Here is a breakdown of all of the techniques used in the show. It is clear the writers took at least some inspiration from actual real-world scenarios but then bent the rules or changed some aspects to fit the narrative of the episode, which makes the episode a little hard to watch.

The Undeclared War is an inside look at an attack on British internet infrastructure and the inner workings of GCHQ.

The Undeclared War Episode 1

The episode starts out in a fairground, analogous to hacking, as becomes clear when shots of Saara (main character) are interspersed with her sitting in a classroom playing against other hackers.

This is a reference to a game in hacker culture called a CTF or Capture the Flag. A Capture the Flag (CTF) is a popular way of introducing or testing a hacker’s ability, so in that sense at least the show got it right! CTFs are usually a social event and often very competitive, a good start to the first episode.

There are also some more references for the keen viewer, at one point Saara pulls out a hammer and starts knocking on bricks on a wall, this is similar to port knocking, a technique of security through obscurity whereby a system will not open a port to allow access to an application without first having a client send packets to a network connected device in a specific sequence across various port numbers.

After Saara is done knocking the bricks with a hammer, she is able to remove a brick (or the system opens a port) to view the valuable information inside.

It’s not clear how Saara would know the pattern in order to hit the bricks but is possibly something that she would have to capture using packet sniffing or know by other means, such as accessing the computer she is targeting using command line tools such as SSH or even remote desktop.

Screenshot of the hacking in “The Undeclared War” at 1:49

The show then cuts back to the real world out of the analogy briefly to show the commands Saara is running on her screen, we can see a lot going on but we see references to meterpreter.exe at the top.

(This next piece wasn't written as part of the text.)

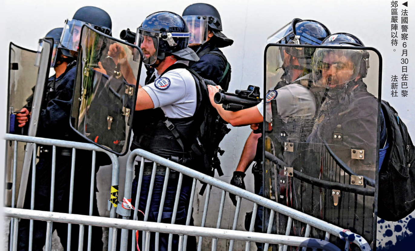
法國警察6月30日在巴黎郊區嚴陣以待。

【大公報訊】綜合法國國際廣播電台、美聯社、BBC報道：法國17歲少數族裔少年之死引發的騷亂持續多天，當局出動包括特種部隊在內的4.5萬名警察和憲兵平亂。截至7月2日共逮捕約2800名暴徒。法國總理博內爾周日強調，不能夠讓暴力不獲懲處，對作惡者必須實施最嚴厲的處罰。據悉，大量未成年人參與製造騷亂，被捕者平均年齡僅為17歲，最小的年齡只有13歲。法國總統馬克龍嚴肅要求家長管好孩子，司法部長莫雷蒂2日更警告說，未盡到監護責任的家長或將面臨兩年監禁和3萬歐元罰款的嚴厲懲罰。

Meterpreter is a penetration tool used to exploit programs in order to allow a hacker access to a system remotely, which we can see she has used it to dump the password hashes, but in this version of the tool meterpreter has been able to also decrypt the hashes and displays them on screen before she’s cracked them.

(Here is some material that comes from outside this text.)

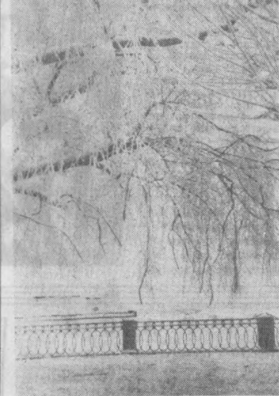
Қадимий шаҳар Вилборг ҳозирги қиш кўнларида ана шундай бўлади.

Ўзбекистон ССР Фанлар академиясининг Кибернетика институти ва Ҳисоблаш марказида янги «Минск-22» маркази электрон ҳисоблаш машинаси ўрнатилди. Белорус олимлари яратган бу мураккаб машинанинг бошқа мамлакатларда ҳам бўлиши мумкин. У кенг тармоқли таъқиқ қилинган ҳолда ҳам ишлайди.

Despite this, she then runs a python3 program (python being a popular programming language) to run a program called hashcrack.py which takes a passwords.txt file as input probably to crack the hashes, to nitpick it looks like they’ve already been cracked, but perhaps she didn’t have all of the hashes yet.

Python also isn’t a particularly fast language for cracking passwords, a more direct access to the hardware is usually preferred so that the hashes can be computed quicker. Cracking hashes could take days to decades if the password is complex, so every minute advantage in performance counts.

Saara then at the end of the cutscene she runs the command -sT -vvv -n 192.158.1.254 which seems to be a bit of fat-fingering by Saara, because it’s supposed to be part of the line above or nmap, but the computer doesn’t seem to mind and dutifully executes the command as though nothing is wrong.

The whole time she seems to be switching between Linux and Windows commands arbitrarily and the computer doesn’t seem to mind, she never switches context from windows or Linux, the commands she entered don’t really make any sense throughout the episode in terms of what is actually possible on one operating system.

We can also see a CVE at the top of the screen, CVE’s are critical vulnerability notices used in various ways to identify and classify exploits in computer programs, it doesn’t really make sense that this would be labelled a “private exploit”, because it’s public by design.

Screenshot of the terminal in The Undeclared War
The hacking then breaks into a printout of nmap

She then also tried to take a copy of the windows box using volume shadow copy, a tool for taking a form of backup, she then decides its time to scan for some open ports, it looks like the command -sT -vvv -n 192.158.1.254 is actually nmap, a port scanning tool, not that she actually runs nmap, it just outputs text extremely similar to it.

We can see that nmap lists the following open ports 445, 139, 53, 443, 80, 6969. 445 and 443 could possibly be SMB or file shares, or a webserver as we can see port 80 is also open, port 53 is for DNS so this box is perhaps also a DNS server, and port 6969 is I’m sure also a real thing, although my skills are lacking a bit when it comes to what this port is for, I don’t think its a real thing but actually a joke for the informed (or otherwise) viewer.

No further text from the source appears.